European Army: Opportunities and Hurdles


Introduction

Against the backdrop of ever-increasing global military conflicts like the war in Ukraine to escalating tensions in Iran, the European Union’s defense capabilities are becoming increasingly more of an issue. In particular, the question is how the European Union positions itself militarily as an independent player within NATO. Furthermore, a fully-fledged European army could simplify military logistics and also create economic synergies among individual EU member states with regard to defense budgets. In addition, a fully integrated force would enable more efficient training and the harmonization of regulations, command structures, and other specific aspects of the individual armed forces, thereby creating a more effective military force. Historically, there have already been several attempts and conceptual discussions regarding the idea of a European army.

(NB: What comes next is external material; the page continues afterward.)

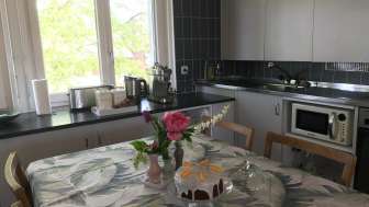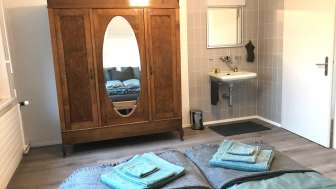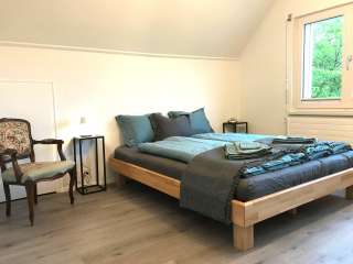 Die Gäste bewohnen die gemütliche Mansarden-Wohnung im Dachgeschoss mit separatem Eingang. Die Wohnung verfügt über einen hellen Wohnbereich mit Alpsteinblick, gratis WLAN, einem Fernseher mit Videogerät, einer offenen, gut ausgestatteten Küche mit Essbereich, zwei grosszügige Schlafzimmer für insgesamt 2 bis 4 Personen mit separatem Waschbecken und Dusche/WC.

The quest for the sovereignty of European defence and the subsequent legal evolution of the intergovernmental Common Foreign and Security Policy (CFSP) are rooted in the early, ambitious attempts at integration during the 1950s. A primary milestone was the Treaty instituting a European Defence Community (EDC), signed by the six founding members of the European Coal and Steel Community (ECSC). This project, which aimed to create a supranational European army, was ultimately abandoned in 1954 following the French National Assembly’s refusal to ratify the treaty. This failure created a profound shift in the integration process; questions surrounding external action and communal defence became politically taboo, remaining largely untouched for nearly two decades. This silence was finally broken by the Davignon Report of 1970, which established the European Political Cooperation (EPC). Crucially, the EPC operated outside the formal Community framework, utilizing an intergovernmental method that allowed Member States to coordinate foreign policy without ceding sovereign powers to supranational institutions. The legal consolidation of this practice occurred in 1986 with the Single European Act (SEA). Through Article 30 of the SEA, the dispositions relating to the European Political Cooperation that had developed throughout the 1970s were formally codified. However, this legal framework was notably limited: it concerned only questions of political and economic security, explicitly excluding military or defence concerns. Despite these limitations, the SEA set the critical legal and political precedent for the formal creation of the intergovernmental CFSP pillar by the Maastricht Treaty of 1992, marking the transition from informal cooperation to a constitutionalized European foreign policy.


Legal Hurdles

The European Union was not originally conceived as a defense alliance like NATO, but rather as an economic union. The close ties fostered by open borders and a common currency are based on this concept, while the idea of merging national armies into a single European army has so far remained merely a theoretical possibility. Because of its original conception as an economic union, the transformation into a common defense alliance faces legal hurdles.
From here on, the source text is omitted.